I also don't degas unless I am going to bottle soon, it will degas on its own usually over time. It should not effect adding your k-meta.
 

winemaker81

wine dabbler
WMT Supporter
Joined
Nov 5, 2006
Messages
960
Reaction score
943
Location
Raleigh, NC, USA
At the first racking, I don't intentionally transfer sediment, but I don't worry if some gets sucked up in the racking tube. The wine is full of suspended solids, so adding a bit more doesn't make much difference.

Once you've adding a fining agent (typically kieselsol/chitosan), at each additional racking you want to be careful of transferring sediment.

If using a racking tube, there should be a piece at the bottom that helps avoid sediment. Wine enters from above which prevents directly sucking up sediment. Note that if the sediment layer is thick, it will get sucked in.

Racking tube 2.jpg

I put a wedge under an edge of the carboy to tilt it a bit. When racking, initially I hold the cane so the bottom is in the middle of the carboy, no where near sediment. As the wine level drops, I move the end of the cane down, pointing it towards the lowest point in the carboy.
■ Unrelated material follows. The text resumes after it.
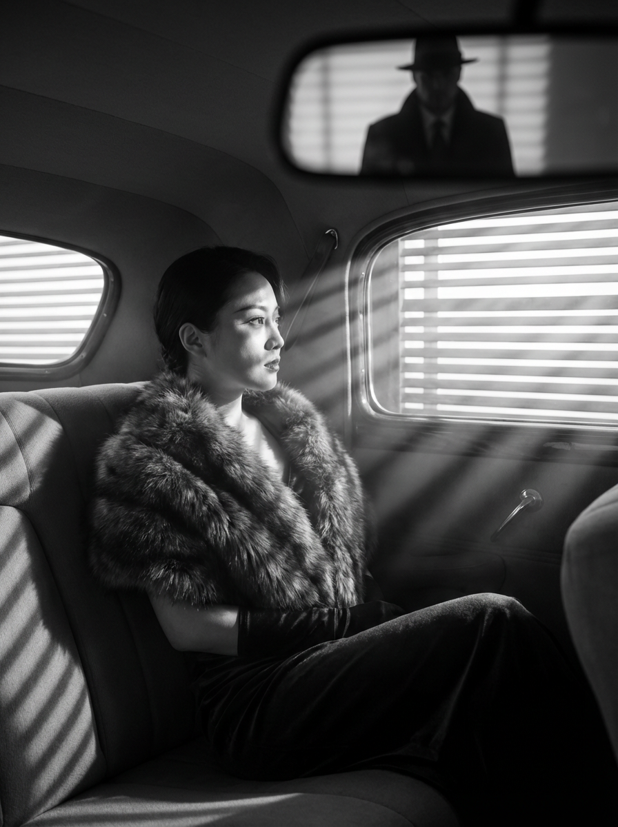 model in a vintage car interior, wearing a fur stole over an evening dress , dramatic lighting through car windows creating venetian blind effect, rear-view mirror showing mysterious figure, high-contrast black and white photography

When the carboy is nearly empty, I eyeball the wine & sediment -- if I see sediment being sucked up, I stop the siphon. With red wine this is tougher to see, so make sure the area is well lighted.

Often I pour the remainder from the carboy into a taller, narrow bottle (typically a 750 ml or 1.5 liter clear wine bottle) and put it in the fridge for a week. The sediment will settle rather quickly and you can carefully siphon the clear wine off the top. Sometimes this doesn't work (when the sediment is very compact), but I typically recover half of the bottle.